Maybe this episode isn’t about a woman manipulating a lonely man to free her from an abusive marriage. Perhaps this is a man who cannot find meaningful relationships in the real world because she cannot accept people for who they are. He will meet a woman in the middle, of course … so he can drag her to his side.
Missed observations
- CBS sent critics a Twilight Zone Gift box full of snacks, which included clues about Easter eggs and callbacks that we can expect this season. The clue for this episode is: “You are seeing a kind of flimsy little two-legged animal with extremely small heads, whose name is Man.” It is an excerpt from Rod Serling’s narration in “People are the same everywhere“, An original from the first season Twilight Zone in which a beautiful woman telepathically attracts astronauts exploring Mars to her new home … a zoo!

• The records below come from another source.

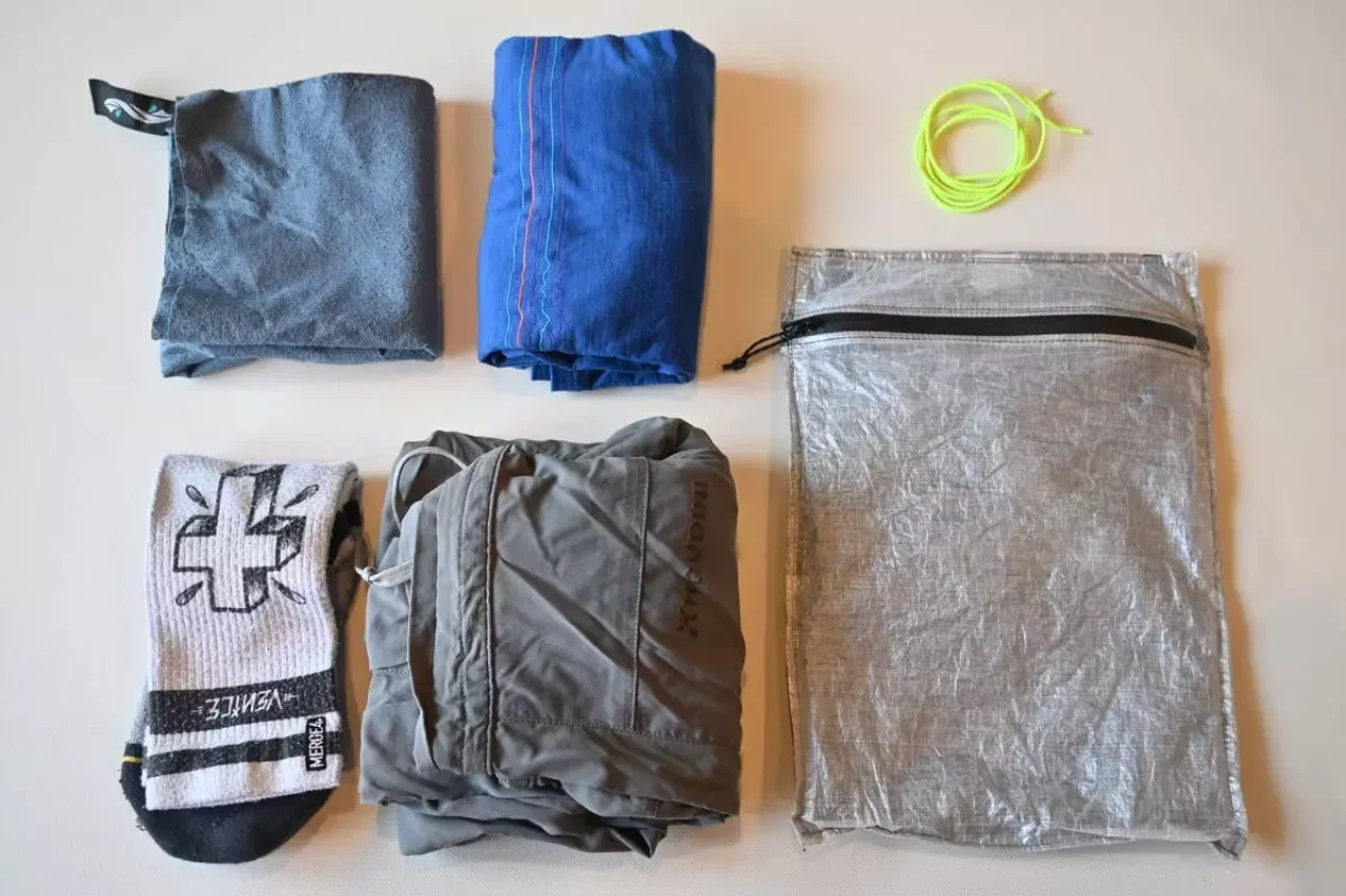 これら着替えを入れているスタッフバッグは山旅リバーシブルピローで、着用していたウェアをこのスタッフバッグに入れてこのスタッフバッグに入れることで枕に早変わりします。
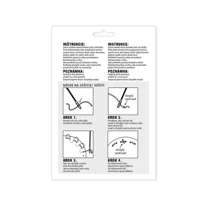 • Bezpečné šití: Díky tupé plastové jehle a předděrovaným dílům je sada naprosto bezpečná i pro menší děti (doporučený věk 4+).• Vše v jednom balení: Nemusíte nic dokupovat. Sada obsahuje veškerý materiál: barevné plsti, nit, jehlu, kroužek a návod.
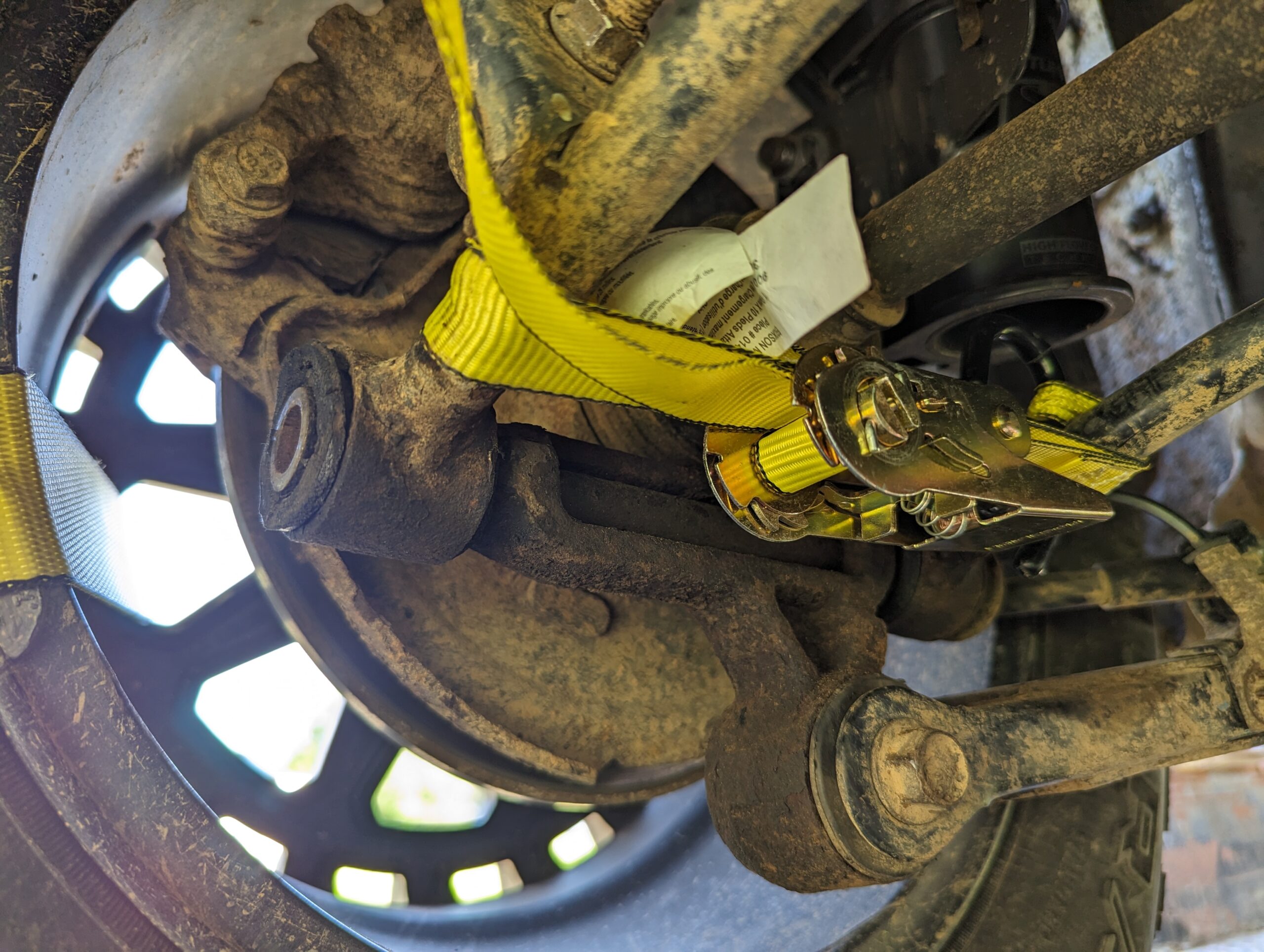 Returning to the lift with a brand new set of STi lower control arms, (new Dorman units found on Amazon here: Left – Right) And, a rear control arm upgrade (by Hardrace purchased from Rallitek) it was time to get this all back together. As hoped, the STi lower control arms provided the clearance needed for the front tires. Sadly, the hardware on the rear suspension started breaking and we were unable to get the hardrace bars installed. Once I got the car back here, not to be completely defeated, a ratchet strap was employed as an EXTRA “safety” in the event that the seized bolt decided to free up. (it hasn’t yet) Because just waiting for the new hardware to come in, allowing the installation of the rear bars before driving this car on the dirt was just not an option.

- Nice touch to play “I can’t take my eyes off you,” with the phrase “you’re too good to be true,” during Phil IRL’s meeting with Annie.
- Welcome back to The AV Club‘s Twilight Zone comments! Unlike the first season, this last race is falling all at once; so instead of these reviews being published weekly, look for a review every morning for about the next 10 days. Mainly follow the order of the episode as it is CBS All AccessBut be careful: CBS only sent three episodes in advance and I’ll do them first regardless of where they fall.. Next up is “The Who Of You” followed by “You Might Also Like”. I’ll let you know down here at the end of each review, what will be next.